A Basic Guide to Evaluating Validity of Experiments & Data

Part 1 of 2

Dec 01, 2021

source: https://unsplash.com/photos/wg2xU_UNiVc

I have an ongoing problem in my household. Specifically, my middle child is holding a massive grudge against our Amazon Echo devices. I have a lot of these devices. They act as intercoms, shopping lists, music hubs and answer random questions. However, the only people in our household of five with Amazon accounts linked to the devices are myself, my wife, and my oldest son. The consequence of this is that when Amazon started using household members’ names in responses (e.g., “have a good day Marc”) things fell apart. Since my middle son doesn’t have an account, the Amazon Echo devices perpetually call him by his older brother’s name (they’re 15 months apart in age). I won’t get into the psychology of birth order in siblings, but suffice it to say, he’s not happy about this.

This problem with how Alexa refers to my son is a perfect example of how data issues can cause unintended consequences. Similarly, it’s a problem that affects many businesses, yet if you spend any time in a business seminar, you’ll quickly learn that the path to success is grounded in your understanding of the consumer. This is true of sales, innovation, product development, you name it. It’s a modern-day version of the customer is always right.

Therefore, if learning is the key to success, then presumably one of the critical courses in every businessperson’s career is a course designed to teach people how to learn, how to design experiments, and inevitably how to draw conclusions from data. The study of statistics helps people understand how to measure and quantify populations. However, a grounding framework to evaluate the validity of an experiment often gets left out of the statistics class curriculum.

Luckily for us back in 1963, there was a book published on experimental design that included such a framework — Experimental and Quasi-Experimental Designs for Research, by Donald Campbell and Julian Stanley. The book is certainly quite academic, but I’d highly recommend giving it a read as a mini masterclass in experimental design. In the meantime, I’ll summarize Campbell and Stanley’s method for evaluating the quality of experiments. Foremost, let’s consider two big concepts laid out in the book: Internal and External Validity. I’ll also provide a couple of anecdotes for both these concepts to make it easier to interpret.

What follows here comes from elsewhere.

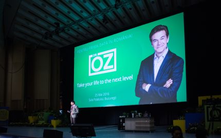 Miercuri, 25 mai 2016, Sala Palatului, ora 6:30. Pe holurile cladirii e deja forfota mare, multa lume care alearga dintr-un loc in altul, ba pentru a instala roll-upuri, ba standuri de carti, sau de cosmetice. Cativa voluntari inca mai aranjeaza mapele pe fiecare scaun din sala, iar la intrare se pregateau punctele de acces pentru cei care vor participa la evenimentul ce urma. Agitatia era mare, insa pe chipurile fiecaruia se putea observa un entuziasm, o farama de zambet, ascunsa dupa semnele de oboseala acumulata in ultimele zile de munca neincetata. Scopul final al tuturor fiind acelasi: publicul roman sa aiba parte de o experienta cat mai frumoasa la intalnirea cu cel mai celebru doctor din lume – Dr. Mehmet Cengiz Oz, care ajungea pentru prima data pe o scena din Romania, pentru a sustine conferinta „Take your life to the next level”.
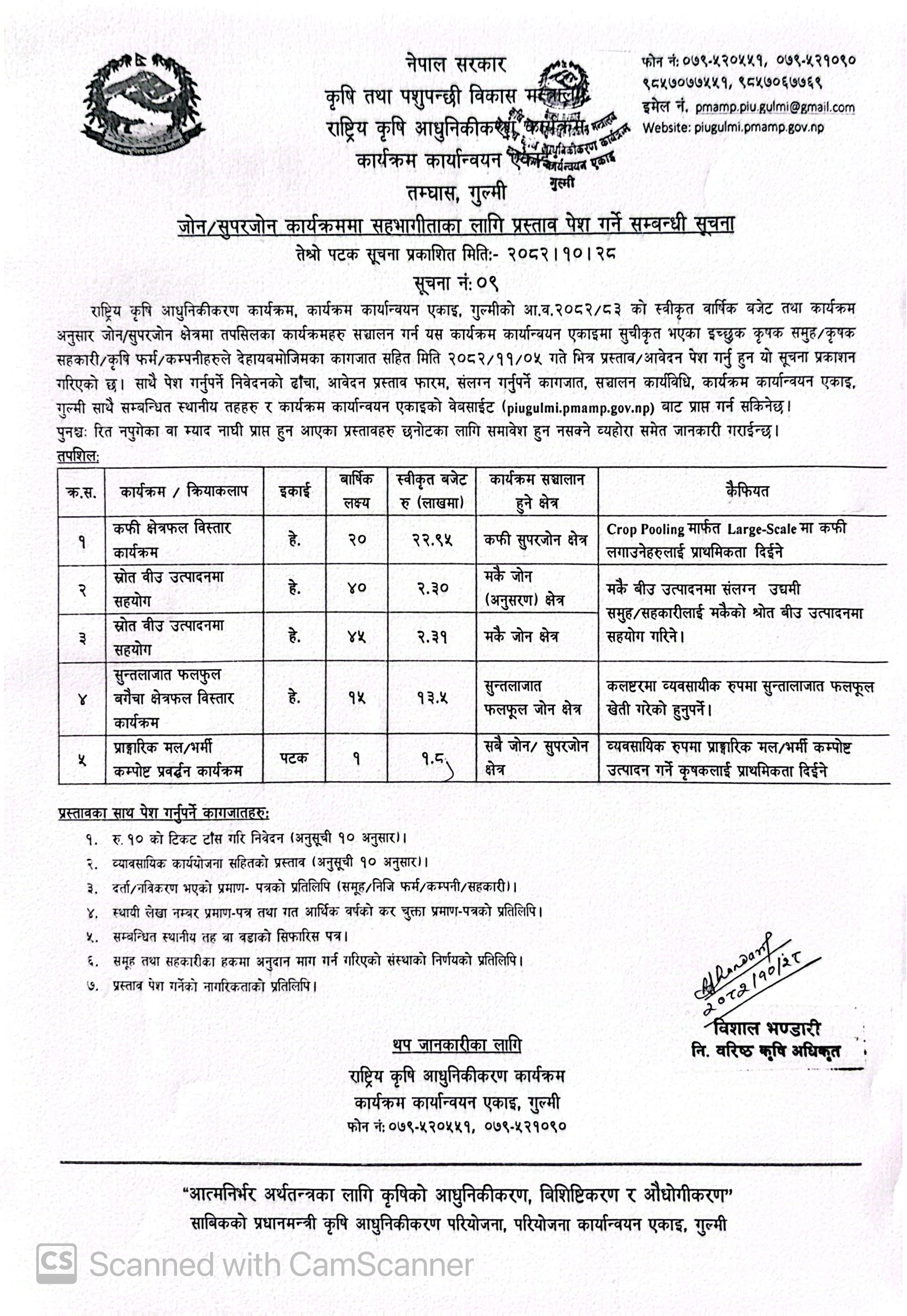 कार्यक्रम संचालित क्षेत्र: रेसुङ्गा न.पा.-१०,११,१४ मुसीकोट न.पा.-२,६ मालीका गा.पा.-६,७,८ मदाने गा.पा.-२,३ इश्मा-१,३,४,५,६ चन्द्रकोट गा.पा.-६,७,८ सत्यवती गा.पा.-१,२,३,४,५,६,७ कालीगण्डकी गा.पा.-१,3,4,५, छत्रकोट गा.पा.-१,३,४,५,६ रुरुक्षेत्र गा.पा.-१,२,३,४,५,६ गुल्मीदरवार गा.पा.-३,५,६,

Let’s start with the easy one, external validity. This is the issue often behind the concept of lying with statistics. External validity often refers to the representativeness of data. Let’s make up a super simple example: 75% of survey respondents believe German made cars are more reliable. It’s very easy to imagine this stat highlighted in ad campaigns, on social media, or passed via word of mouth. There is a fundamental question for understanding the veracity of this stat: who was surveyed? Perhaps in this fictional example, the survey ran amongst 100 BMW drivers. For example, someone who’s spent thousands of dollars on a German car is more likely to believe that German-made cars are more reliable. To understand external validity is understanding the question: does the data I have measure what I think it’s measuring.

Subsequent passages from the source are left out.